Maar goed, canons zijn nu eenmaal in op het moment: de Volkskrant heeft inmiddels ook al een gammacanon aangekondigd, en in oktober 2008 pleitte Rens Bod in NRC Handelsblad voor de vorming van een canon van de geesteswetenschappen. Over de gevolgen van deze canonisering voor het onderwijs durf ik niets te voorspellen; hier wil ik wat algemenere vragen bekijken. Om te beginnen met de meest voor de hand liggende vraag: waarom zou onze kennis van de wetenschappen überhaupt de vorm van een of meer canons moeten aannemen? Zijn canons geen tamelijk arbitraire keuzes uit een veel groter en complexer geheel? Waarom wel aparte hoofdstukken over pakkende onderwerpen als seks, wc’s en geld, en waarom weinig of niets over het hart, olie, of het milieu? Waarom wel de natuurkundige Huygens en niet de wiskundige L.E.J. Brouwer? Maar de samenstellers van de bètacanon zijn de eersten om toe te geven dat hun eigen canon van vijftig onderwerpen of ‘vensters’ iets willekeurigs heeft.

Ook op het niveau van de bijdragen eraan valt wel wat aan te merken: de meeste stukken openen met een anekdote, geven dan een heel klein beetje theorie dat vaak meer vragen oproept dan het kan beantwoorden, en besluiten met een korte verwijzing naar toepassingen of het belang voor het heden, of met andermaal een kwinkslag. Maar ook deze oppervlakkigheid valt nog wel te verdedigen: één doel van zo’n canon is immers het bereiken van lezers die door lange of ingewikkelde verhalen vol abstracties en formules zouden worden afgeschrikt.

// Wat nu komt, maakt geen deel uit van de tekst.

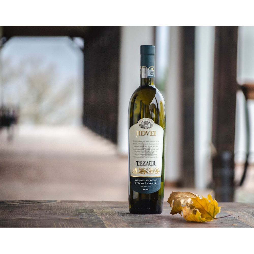Vin alb sec Jidvei Tezaur Sauvignon Blanc si Feteasca Regala 2022, 0.75L, bax 6 sticle

Er is echter een fundamenteler bezwaar dan klagen over willekeur en oppervlakkigheid: het idee van een canon is zelf twijfelachtig. Een canon sluit per definitie openstaande kwesties en controversiële onderwerpen uit; maar daardoor dreigt hij precies datgene te missen wat kenmerkend is voor wetenschap in actie: controverse en debat. Ook dit punt wordt door de samenstellers onderkend; het gaat echter verder dan zijzelf lijken te zien. De historische canon berust op noties van vaderlandse geschiedenis en nationale identiteit die in het licht van kolonialisme, arbeidsmigratie, globalisering en Europese eenwording problematisch zijn geworden; sterker nog, je kunt de krampachtige pogingen een nieuw besef van nationale identiteit te scheppen vooral zien als een verlate reactie tegen die ontwikkelingen, en daarmee als een inherent conservatieve of zelfs reactionaire beweging. Op een vergelijkbare manier berust de bètacanon op een betwistbare, en op sommige punten achterhaalde, visie op wetenschappelijk werk, zijn methode en zijn onderwerp.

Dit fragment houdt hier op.